By Hana Namrouqa

AMMAN – Shrinking green cover and decreasing surface water flow due to climate change are threatening Jordan’s unique biodiversity, according to reports to be launched today.

Implemented by the Royal Society for the Conservation of Nature (RSCN), the reports predict a regular increase in temperatures in Jordan by the end of the 21st century.

The reports’ authors expect a 3.5ºC rise in temperatures in winter and a 4.5ºC rise in temperatures in summer by the end of the century.

The three reports, which will be launched today at Wild Jordan in Jabal Amman, investigate the impact of climate change on Jordan’s biological diversity.

Hussein Kiswani, a climate change researcher from the RSCN’s project on integrated management of ecosystems in the Jordan Rift Valley, said the reports analyse change in the primary productivity of plants and impacting factors, such as wild fires and surface water flow.

The RSCN conservationist underscored that biodiversity degradation is one of the major outcomes of climate change, necessitating studies that analyse its effect on the country’s ecosystems.

He said such studies will help enhance RSCN’s protection efforts and programmes carried out in its nature reserves and special conservation areas across the country.
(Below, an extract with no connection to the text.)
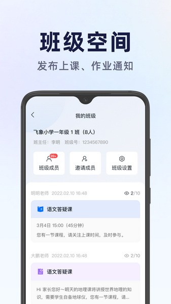 【班级空间】老师建立班级,邀请任课老师及学生加入班级,并在班级内发布各类通知、开设线上课程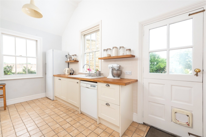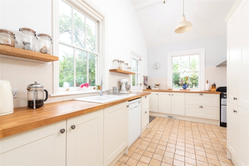 The open plan kitchen/dining/family room has original wooden flooring. The kitchen has been fitted with bespoke full height and base cabinets with wooden worksurfaces incorporating a one and a half bowl sink, a range cooker, fridge/freezer, and dishwasher. The adjoining dining/family room has a fireplace with a log burning stove. The triple aspect sitting room has French doors to the rear, original wooden flooring and a log burning stove. The third reception room has dual aspect window, and is currently used as a music and hobby room.

The Middle East, one of the driest regions in the world, is expected to witness shifting rainfall patterns due to climate change, which will result in less freshwater for the region’s growing population, according to international reports.

In “The Blue Peace: Rethinking Middle East Water” report, launched in February, experts predict that effects of climate change will start affecting the region within 50-100 years.

The report indicated that Jordan, among other countries in the region, including the Palestinian territories and Israel, are already experiencing climatic changes.